Bisnis.com, JAKARTA — Kontribusi Bank Indonesia (BI) dalam pembiayaan APBN untuk penanganan dampak pandemi Covid-19 melalui skema burden sharing akan berakhir pada tahun ini.
Wakil Menteri Keuangan Suahasil Nazara menyampaikan bahwa berdasarkan surat keputusan bersama antara Kementerian Keuangan dan BI yang mengacu pada Perppu No. 1/2022, BI dimungkinkan untuk melakukan pembelian SBN secara langsung atau melalui pasar perdana.
Kesepakatan ini hanya berlaku selama 3 tahun, sejak 2020. Selama 3 tahun ini juga, defisit APBN diperbolehkan melebihi level 3 persen.
Dengan berakhirnya peran BI dalam pembiayaan APBN, pemerintah juga harus mengembalikan defisit APBN ke level 3 persen.
“Saya bisa pastikan SKB I, II, dan III, berlaku sampai dengan 2022, sehingga pada 2023 kita tidak memiliki kerja sama secara langsung dengan BI. Artinya, kebijakan kembali ke yang lalu, karena itulah pemerintah menurunkan defisit, supaya kita kembali proper lagi dalam mencari pembiayaan,” katanya, Selasa (29/11/2022).
Suahasil menjelaskan, dengan defisit APBN yang ditetapkan sebesar 2,84 persen pada 2023, pemerintah juga menekan pembiayaan utang yang ditargetkan sebesar Rp696,3 triliun atau turun 8 persen dibandingkan dengan outlook pada 2022.
Baca Juga
“Tahun depan defisit 2,84 persen, ini adalah sinyal bahwa pemerintah tidak akan print surat utang banyak-banyak, tapi apakah pemerintah akan melakukan penghematan?

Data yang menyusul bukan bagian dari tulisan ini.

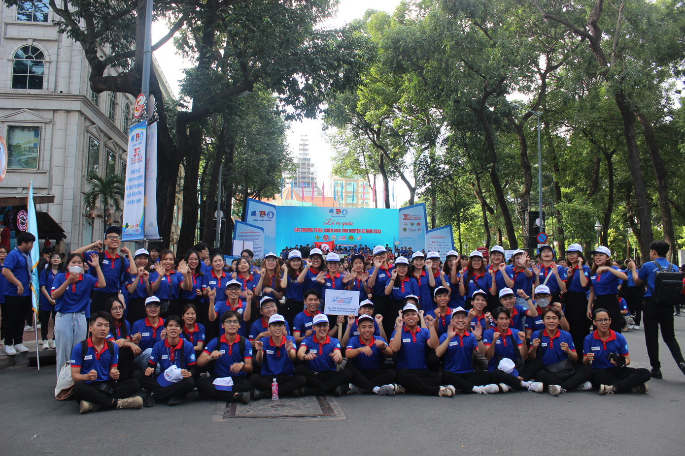 Đội hình tình nguyện của các trường đại học tại TP. HCM tham dự Lễ ra quân. (Ảnh: Văn Tiệp)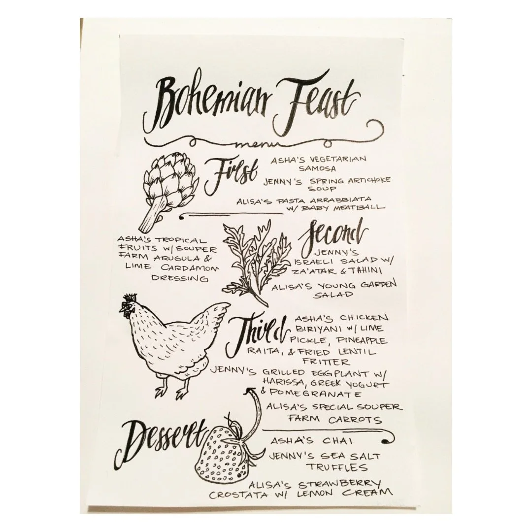 I illustrated this menu for an outdoor Bohemian Feast in Atlanta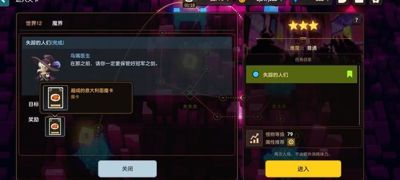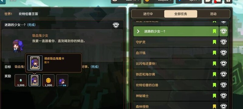 调皮吸血鬼魔卡,普通1-6支线迷路的少女?通关奖励。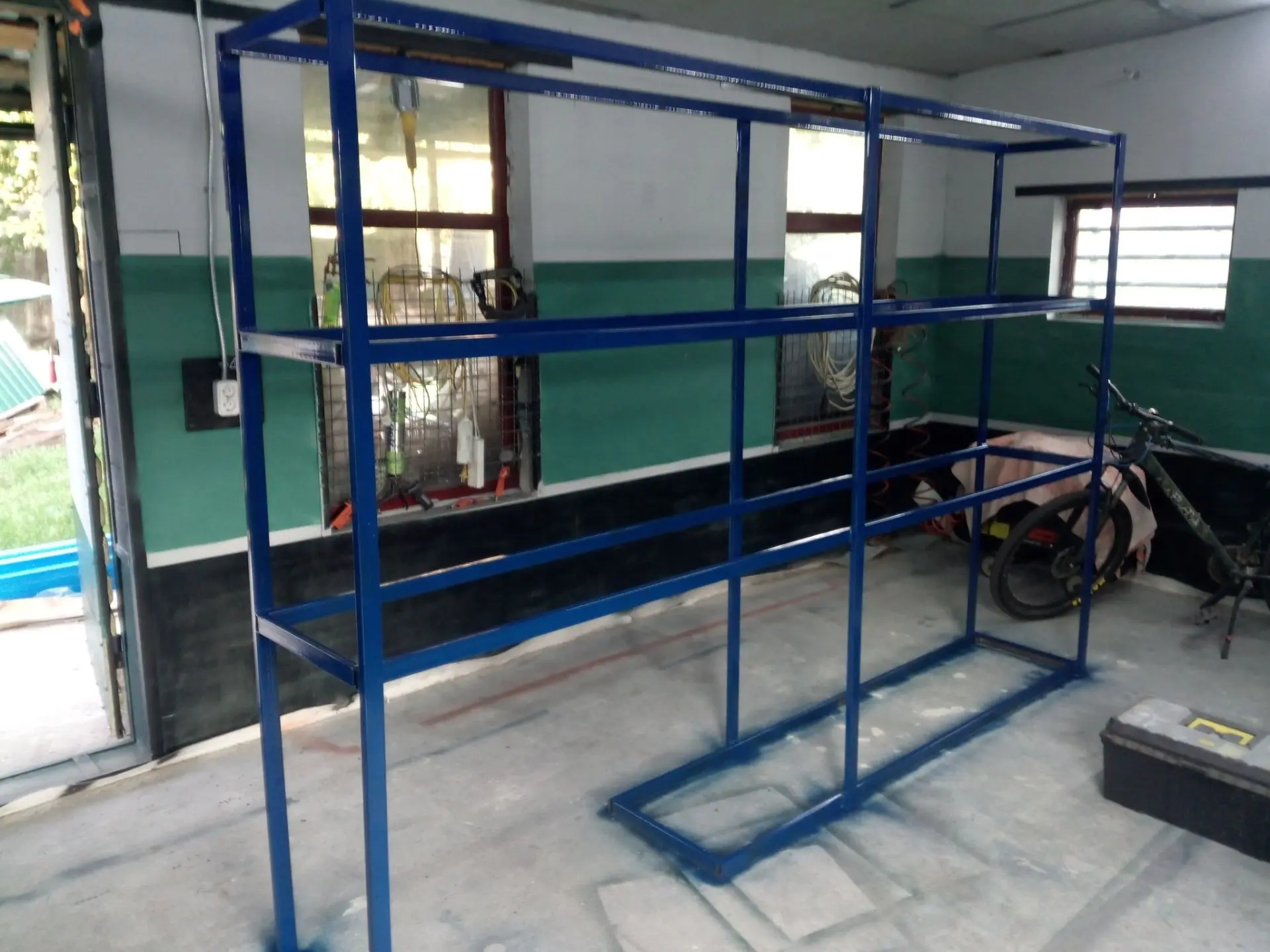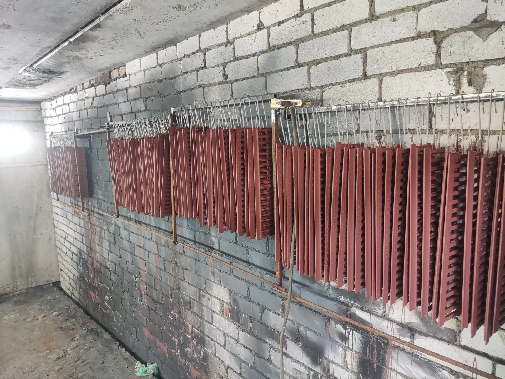 Пистолетом красить не очень хотелось, зато давно хотел попробовать покрасить что нибудь методом окунания, но как то не приходилось) В съëмном гараже, по соседству с моим, из остатков прошлогодних креплений для покраски секций забора и разных остатков металла с улицы, собрал рамку для подвешивания решёток.

Ini yang kita susun terus,” tuturnya.
Untuk itu, pemerintah akan melanjutkan penerapan automatic adjustment, di mana kementerian dan lembaga (K/L) wajib menyisihkan 5 persen dari pagu anggaran masing-masing K/L.
Penerapan automatic adjustment menurut Suahasil berhasil mendorong efisiensi belanja K/L. “Hasilnya K/L akhirnya memilah sendiri mana belanja yang tidak perlu dikeluarkan. Tahun depan kita coba lagi, kita beri arahan lagi mana yang harus dibelanjakan, belanjakan, mana yang perlu kita efisienkan, ya harus kita efisienkan,” jelasnya.